Your objective:
Nothing but the lines from the one containing "Collaboratore professionale e istruttore area" through the end of the data should be retyped, exactly as they stand, and pictures should not be retyped.

===

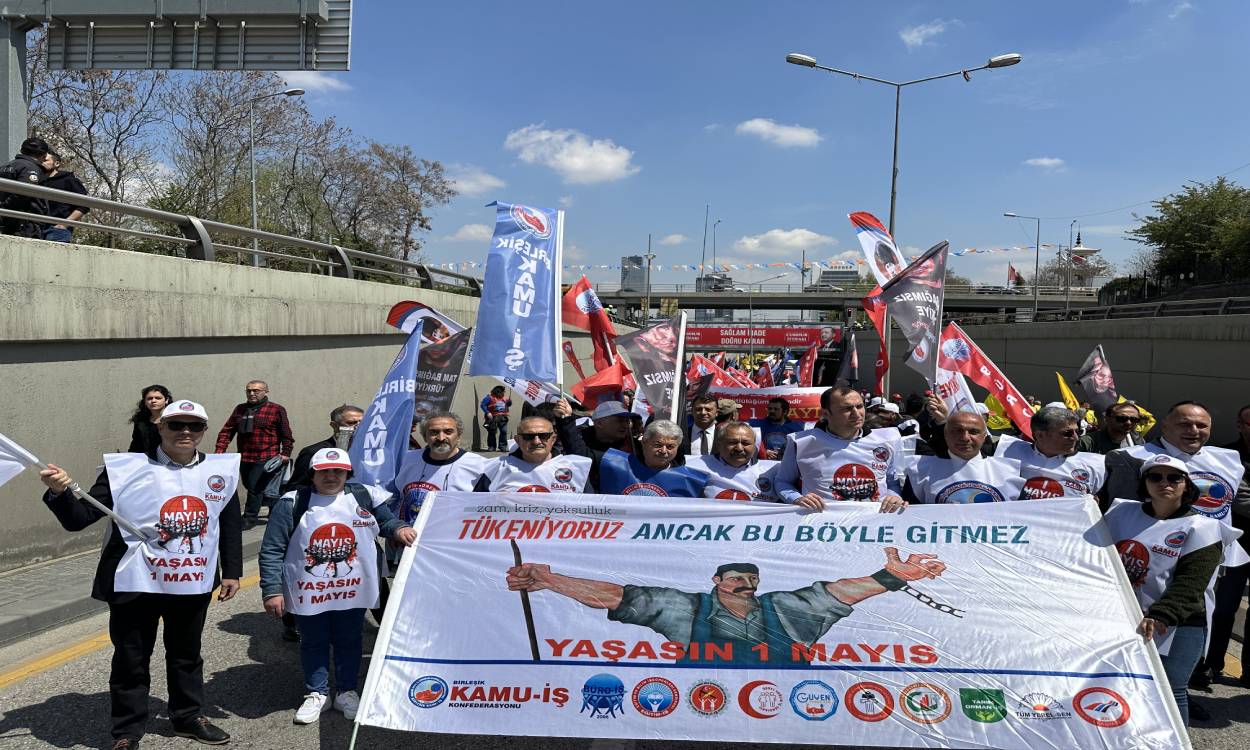 Birleşik Kamu-İş Konfederasyonun ve bağlı sendikaların kortejinde ana pankart “Zam, kriz, yoksulluk Tükeniyoruz. Ancak Bu Böyle Gitmez. Yaşasın 1 Mayıs” olurken sık sık “Gün gelecek devran dönecek AKP halka hesap verecek”, “Emek, eylem, direniş işte Kamu-İş” sloganları atarak buradan Tandoğan Meydanı’na doğru hareket ettiler.
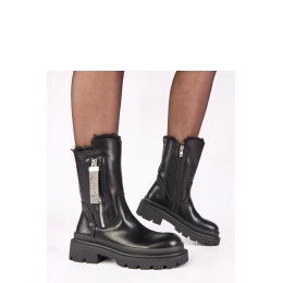 Elegantní kotníkové boty vyrobené z vysoce kvalitní ekologické kůže, které kombinují klasický střih s efektními detaily. Model se vyznačuje ozdobným vnějším zipem s cirkonii, který botám dodává eleganci a decentní lesk. Boty mají kulatou špičku a stabilní platformu o výšce 5 cm, která zajišťuje pohodlí při chůzi a jemné zvýšení postavy. 20 cm vysoký svršek dobře sedí na noze, poskytující pohodlí a ochranu v chladných dnech. Vnitřek bot je vyroben z tepelné látky, což zaručuje teplo a pohodlí při nošení. Další zip umožňuje rychlé obutí a svlékání obuvi. Jedná se o klasické kotníkové boty s elegantním akcentem, ideální pro každodenní podzimní a zimní stylizace.
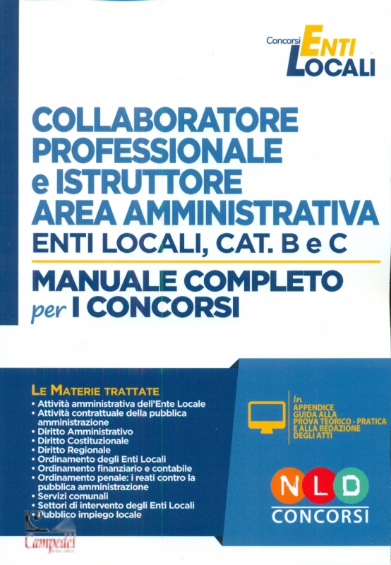 Collaboratore professionale e istruttore area amministrativa. Enti locali. Categoria B e C. Manuale completo Editore: Nld Concorsi Collana: Concorsi Enti Locali Il manuale, Collaboratore Professionale e Istruttore - Area Amministrativa Enti Locali Categorie B e C, si presenta come una guida per apprendere gli elementi fondamentali delle discipline giuridiche poste alla base del concorso negli enti locali - profilo professionale di “Collaboratore e Istruttore” dell’area amministrativa. L’opera complessiva è strutturata in due “ambiti”: il primo, prettamente teorico e il secondo pratico - operativo. Il Manuale è suddiviso in XI Libri, ciascuno dei quali è dedicato ad una apposita disciplina giuridica: l’opera in questione ha dunque il pregio di racchiudere al suo interno tutte le sfaccettature che interessano l’attività del Collaboratore Professionale. La presente edizione è aggiornata alla: - L. 30 dicembre 2018, n. 145 Bilancio di previsione dello Stato per l'anno finanziario 2019 e bilancio pluriennale per il triennio 2019-2021, Riforma Madia; - L. 9 gennaio 2019, n. 3, Misure per il contrasto dei reati contro la P.A c.d. Spazzacorrotti - D.L. 4 ottobre 2018, n. 113 c.d. Decreto sicurezza A completamento dell'opera la trattazione degli atti amministrativi dell’ente locale, ed una parte nella quale si è ritenuto opportuno indicare le modalità di redazione degli atti amministrativi. E' infatti presente una Guida conclusiva, dove sono riportati alcuni degli atti che interesseranno l’attività dei collaboratori ed istruttori amministrativi. Le Materie trattate - Attività amministrativa dell’Ente Locale - Attività contrattuale della Pubblica Amministrazione - Diritto amministrativo - Diritto Costituzionale - Diritto regionale - Ordinamento degli Enti Locali - Ordinamento finanziario e contabile - Ordinamento penale: I reati contro la pubblica amministrazione - Servizi comunali - Settori di intervento degli Enti Locali - Pubblico impiego locale | |
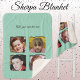 4 photo collage add text green sherpa blanket
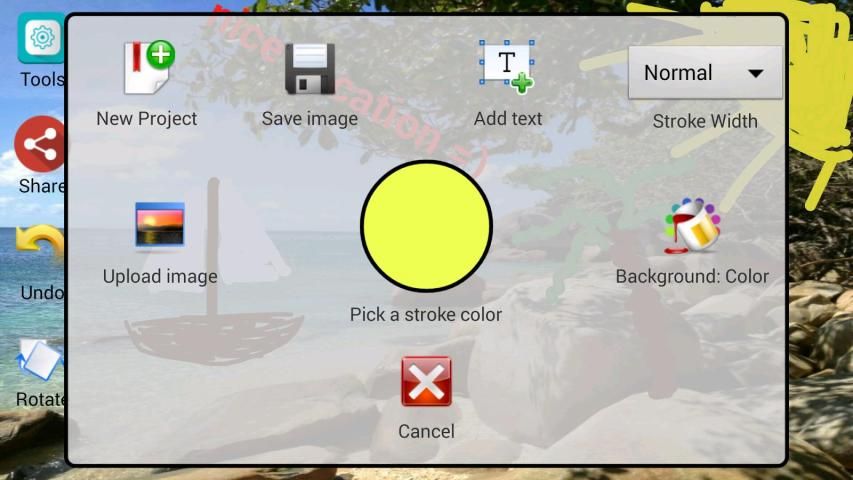Вы можете выбрать свои собственные изображения с галерею и установить их в качестве фона в Mobile Paint.
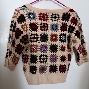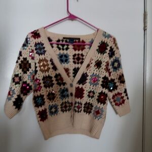 Super sweet cropped cardigan from French connection. Features multicolor crochet granny squares with sequin details, 1/2 sleeve and button front closure. Made of 100% lambswool.

===

Answer for the task:
 Collaboratore professionale e istruttore area amministrativa. Enti locali. Categoria B e C. Manuale completo Editore: Nld Concorsi Collana: Concorsi Enti Locali Il manuale, Collaboratore Professionale e Istruttore - Area Amministrativa Enti Locali Categorie B e C, si presenta come una guida per apprendere gli elementi fondamentali delle discipline giuridiche poste alla base del concorso negli enti locali - profilo professionale di “Collaboratore e Istruttore” dell’area amministrativa. L’opera complessiva è strutturata in due “ambiti”: il primo, prettamente teorico e il secondo pratico - operativo. Il Manuale è suddiviso in XI Libri, ciascuno dei quali è dedicato ad una apposita disciplina giuridica: l’opera in questione ha dunque il pregio di racchiudere al suo interno tutte le sfaccettature che interessano l’attività del Collaboratore Professionale. La presente edizione è aggiornata alla: - L. 30 dicembre 2018, n. 145 Bilancio di previsione dello Stato per l'anno finanziario 2019 e bilancio pluriennale per il triennio 2019-2021, Riforma Madia; - L. 9 gennaio 2019, n. 3, Misure per il contrasto dei reati contro la P.A c.d. Spazzacorrotti - D.L. 4 ottobre 2018, n. 113 c.d. Decreto sicurezza A completamento dell'opera la trattazione degli atti amministrativi dell’ente locale, ed una parte nella quale si è ritenuto opportuno indicare le modalità di redazione degli atti amministrativi. E' infatti presente una Guida conclusiva, dove sono riportati alcuni degli atti che interesseranno l’attività dei collaboratori ed istruttori amministrativi. Le Materie trattate - Attività amministrativa dell’Ente Locale - Attività contrattuale della Pubblica Amministrazione - Diritto amministrativo - Diritto Costituzionale - Diritto regionale - Ordinamento degli Enti Locali - Ordinamento finanziario e contabile - Ordinamento penale: I reati contro la pubblica amministrazione - Servizi comunali - Settori di intervento degli Enti Locali - Pubblico impiego locale | |
 4 photo collage add text green sherpa blanket
Вы можете выбрать свои собственные изображения с галерею и установить их в качестве фона в Mobile Paint.
 Super sweet cropped cardigan from French connection. Features multicolor crochet granny squares with sequin details, 1/2 sleeve and button front closure. Made of 100% lambswool.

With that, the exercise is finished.